→ **RECORD SET**
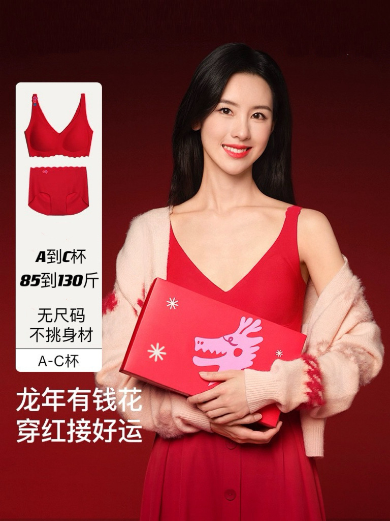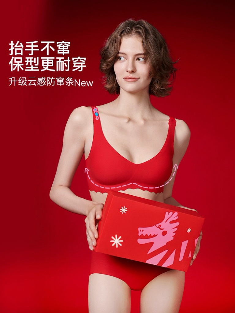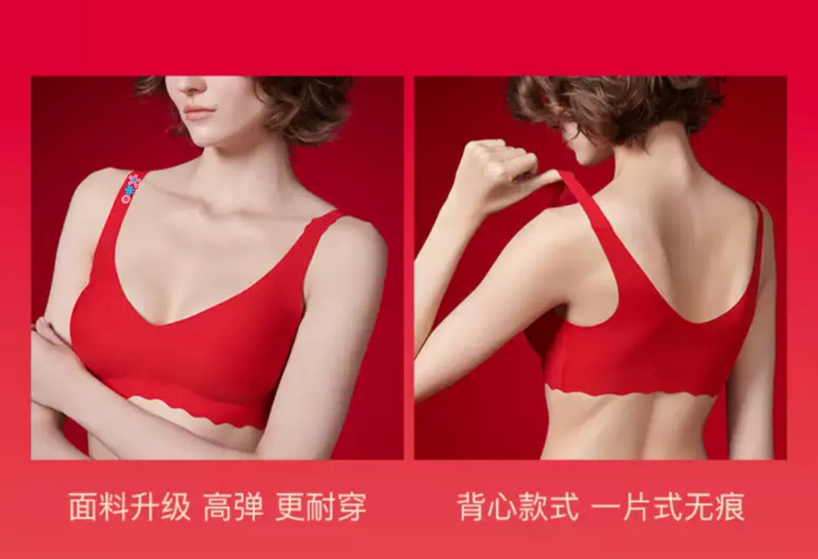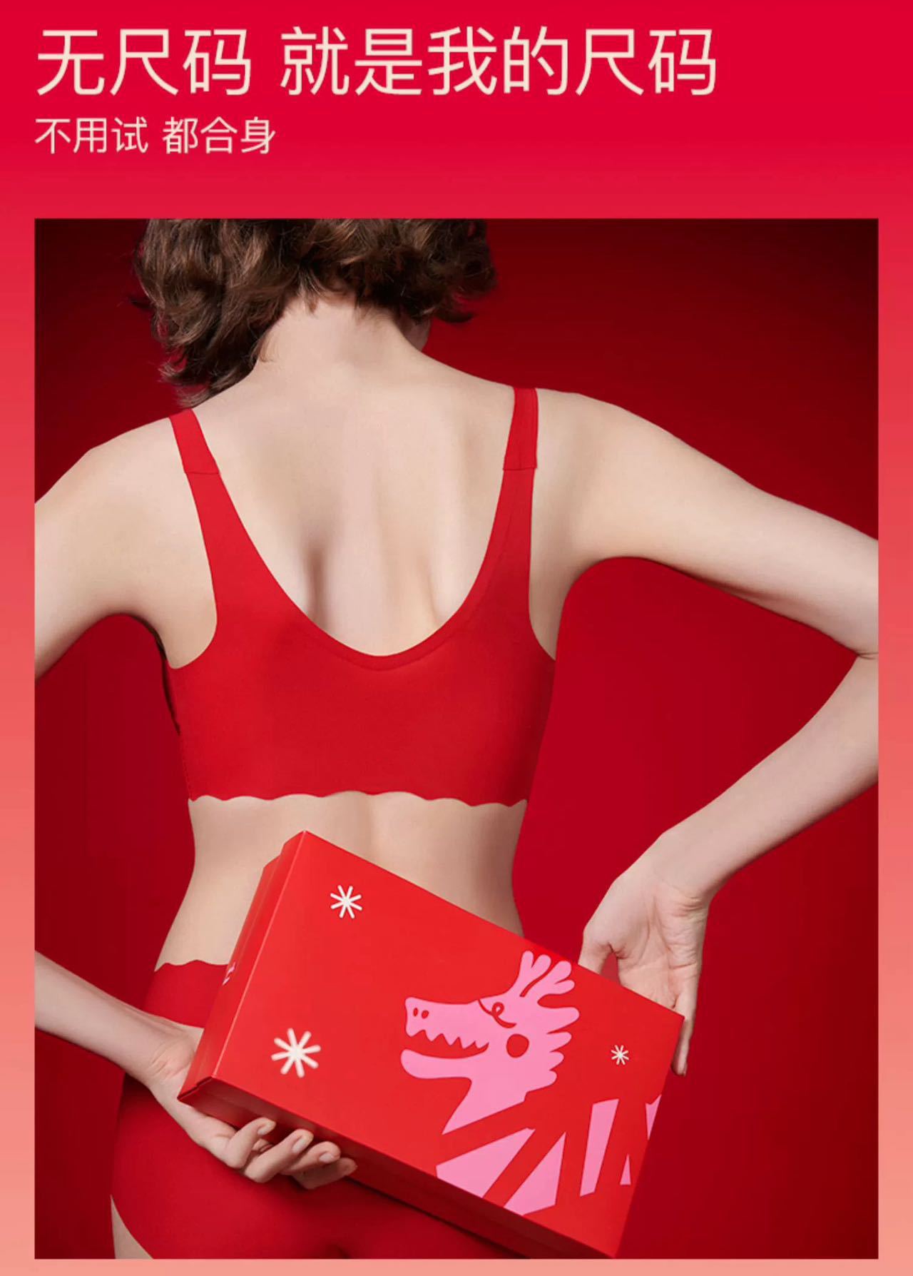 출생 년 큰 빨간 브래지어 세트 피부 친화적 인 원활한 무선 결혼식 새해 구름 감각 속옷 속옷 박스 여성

---

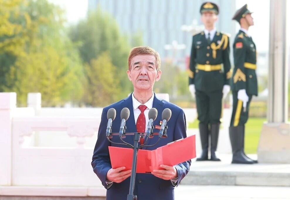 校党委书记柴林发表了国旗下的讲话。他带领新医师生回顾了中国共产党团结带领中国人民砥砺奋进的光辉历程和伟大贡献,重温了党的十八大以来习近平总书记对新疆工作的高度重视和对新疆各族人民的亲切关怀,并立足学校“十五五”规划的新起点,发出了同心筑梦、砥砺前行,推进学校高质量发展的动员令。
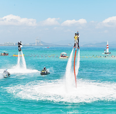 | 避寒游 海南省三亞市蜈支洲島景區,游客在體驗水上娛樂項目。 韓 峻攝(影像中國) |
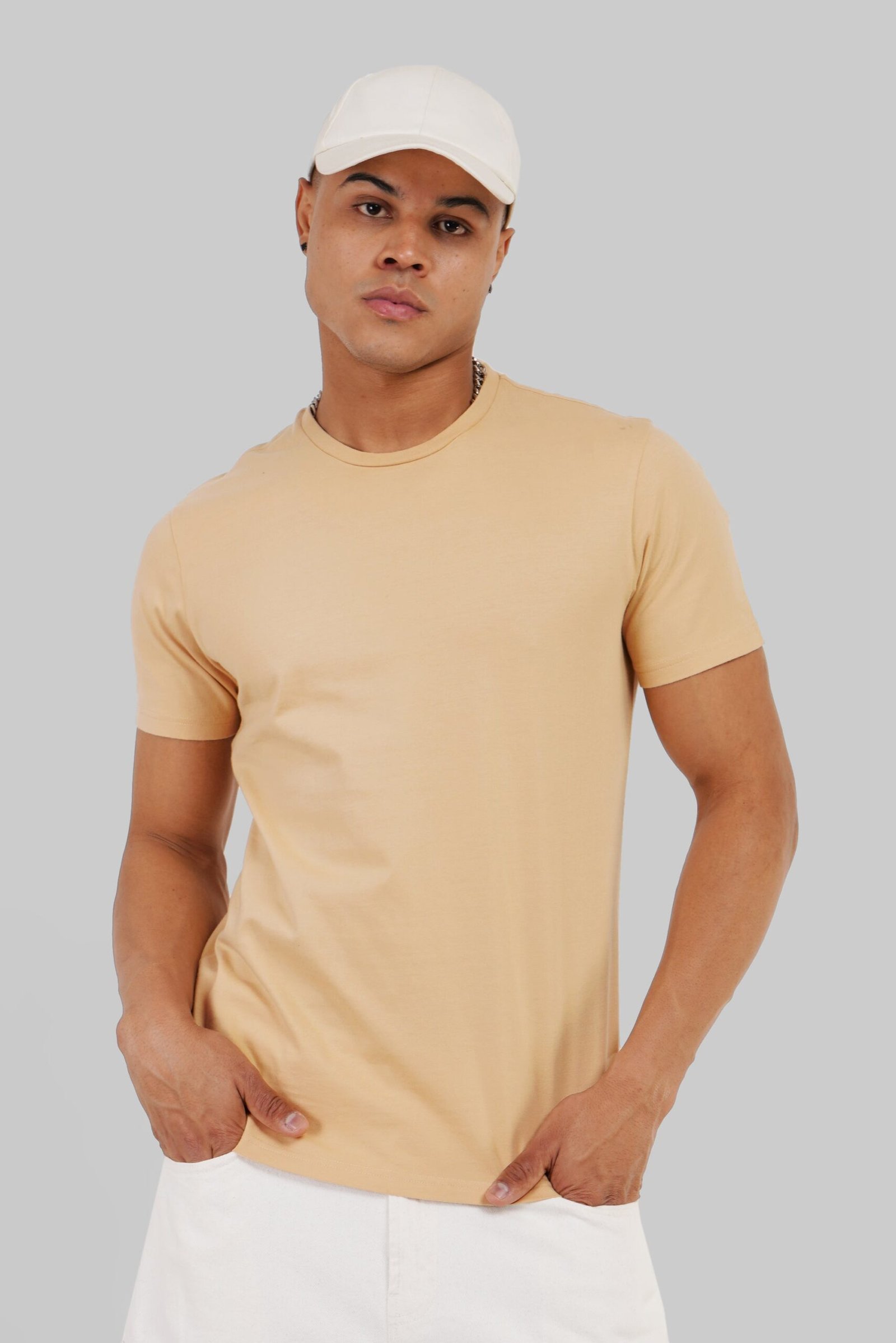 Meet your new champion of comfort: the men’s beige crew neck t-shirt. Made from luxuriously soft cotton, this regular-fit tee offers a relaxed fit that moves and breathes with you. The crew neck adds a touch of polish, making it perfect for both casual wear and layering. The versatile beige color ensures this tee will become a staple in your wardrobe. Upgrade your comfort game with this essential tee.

...

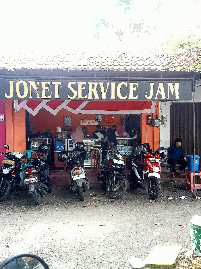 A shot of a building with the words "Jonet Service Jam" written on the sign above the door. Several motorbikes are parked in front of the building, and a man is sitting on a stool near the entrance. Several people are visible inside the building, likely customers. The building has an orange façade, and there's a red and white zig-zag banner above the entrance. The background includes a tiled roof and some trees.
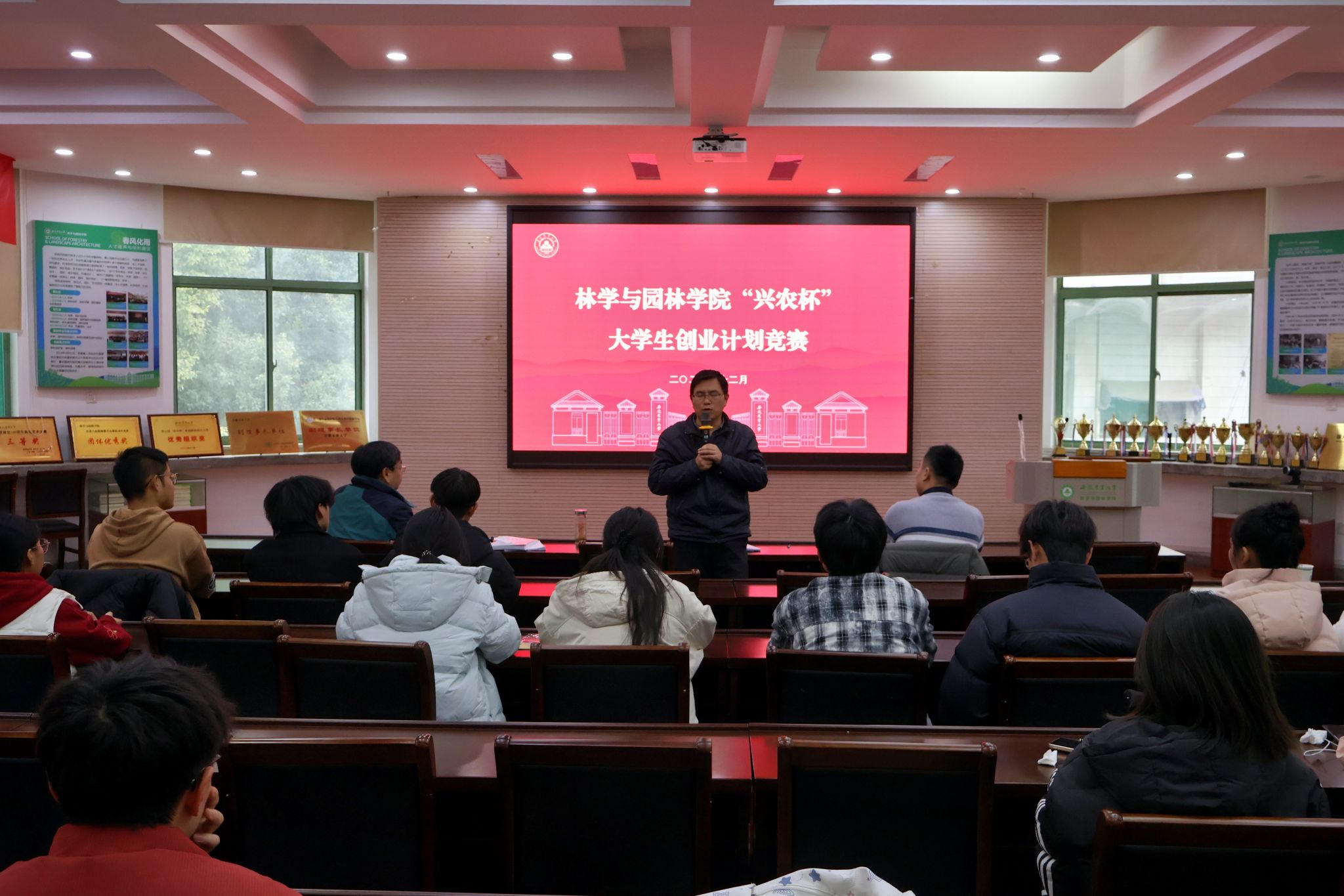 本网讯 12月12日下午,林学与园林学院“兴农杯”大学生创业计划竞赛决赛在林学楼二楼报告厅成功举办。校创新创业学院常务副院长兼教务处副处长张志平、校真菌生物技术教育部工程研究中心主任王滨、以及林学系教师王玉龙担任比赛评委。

→ **ABOUT THIS TASK**
Leave the pictures out, and transcribe exactly the lines above starting at the one that contains "校党委书记柴林发表了国旗下的" and ending at the one that contains "Meet your new".

→ **ANSWER FOR THE TASK**
 校党委书记柴林发表了国旗下的讲话。他带领新医师生回顾了中国共产党团结带领中国人民砥砺奋进的光辉历程和伟大贡献,重温了党的十八大以来习近平总书记对新疆工作的高度重视和对新疆各族人民的亲切关怀,并立足学校“十五五”规划的新起点,发出了同心筑梦、砥砺前行,推进学校高质量发展的动员令。
 | 避寒游 海南省三亞市蜈支洲島景區,游客在體驗水上娛樂項目。 韓 峻攝(影像中國) |
 Meet your new champion of comfort: the men’s beige crew neck t-shirt. Made from luxuriously soft cotton, this regular-fit tee offers a relaxed fit that moves and breathes with you. The crew neck adds a touch of polish, making it perfect for both casual wear and layering. The versatile beige color ensures this tee will become a staple in your wardrobe. Upgrade your comfort game with this essential tee.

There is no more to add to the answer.